Suppose an advanced agent with a goal like, e.g., producing smiles or making paperclips. By default, if you try to switch off a sufficiently intelligent agent like this, it will resist being switched off; not because it has an independent goal of survival, but because it expects that if it's switched off it will be able to produce fewer smiles or paperclips. If the agent has policy options to diminish the probability of being successfully switched off, the agent will pursue those options. This is a convergent instrumental strategy if not otherwise prevented.

Difficulty 1: By default a consequentialist reasoner with sufficient real-world understanding to relate the events of its being switched off, to the later underfulfillment of its goals, will resist being switched off.

Similarly, if you start out controlling the agent's source code, and you naively try to build in functions which suspend the agent to disk when a button is pressed, and the agent later gains the ability to self-modify, it would remove those functions (possibly while trying to conceal the fact that the function would no longer operate).

Corollary 1a: By default a consequentialist reasoner. with sufficient programmatic understanding to relate the execution of a shutdown function to the later underfulfillment of its goals, which has policy options for modifying its code, will want to remove the shutdown function.

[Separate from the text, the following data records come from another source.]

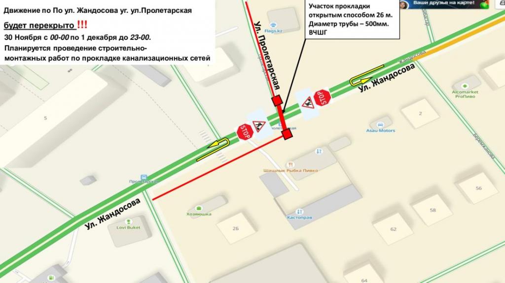 В ночь с 29 на 30 ноября с 00:00 ч. до 23:00 ч. 1 декабря по ул. Жандосова на пересечении с ул. Пролетарской будет частично ограничено движение транспорта. Ограничение связано с прокладкой канализационных сетей.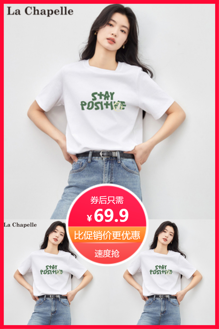 1、夏日炎炎 拉夏贝尔白色短袖T恤女2024新款爆款, 清凉又时尚!优惠多多 价格超值!现在入手 更享多重优惠! 夏日情侣装必备,快来选购吧!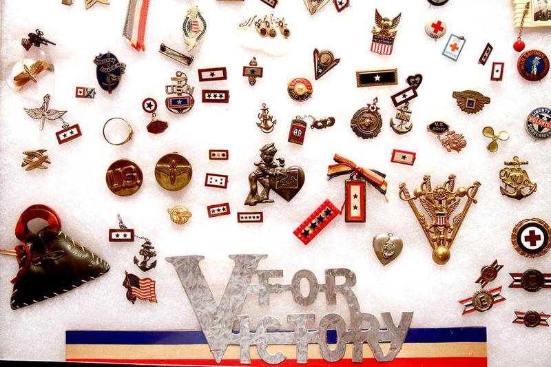 The Hutsons’ collection includes flags and other items, ranging from posters to sheet music to pins related with the blue and gold stars.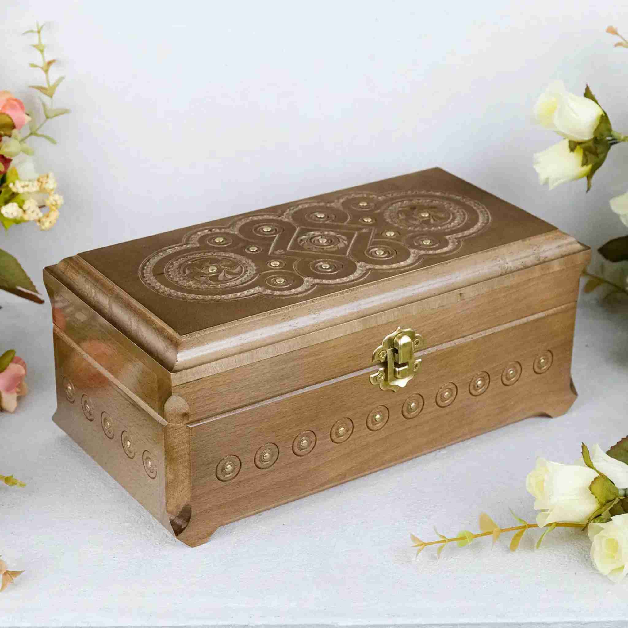 Скринька дерев'яна різьблена коричнева Різна Елегія 24*12 см

We can see this as a natural consequence of our trying to modify the agent's code in a way that was not consistent with the agent's explicit goals. If you create an agent with source code that is well-suited to achieving a goal $U$ and explicitly represents $U$ as a goal, the agent's code will be reflectively consistent - the code will not want to modify itself. If we then suppose that instead the agent has code $P^{'}$ which is no longer well-suited to achieving $U,$ but continues to explicitly represent $U$ as a goal, the code will be reflectively inconsistent and it will want to modify itself given the option of doing so. If you have code that searches for ways to produce paperclips, and you hack the code to contain a shutdown function, but the code is still searching for paperclip-production strategies, and the code correctly models the effect of the shutdown function on future paperclips, the code will search for a way to modify itself to remove the shutdown function.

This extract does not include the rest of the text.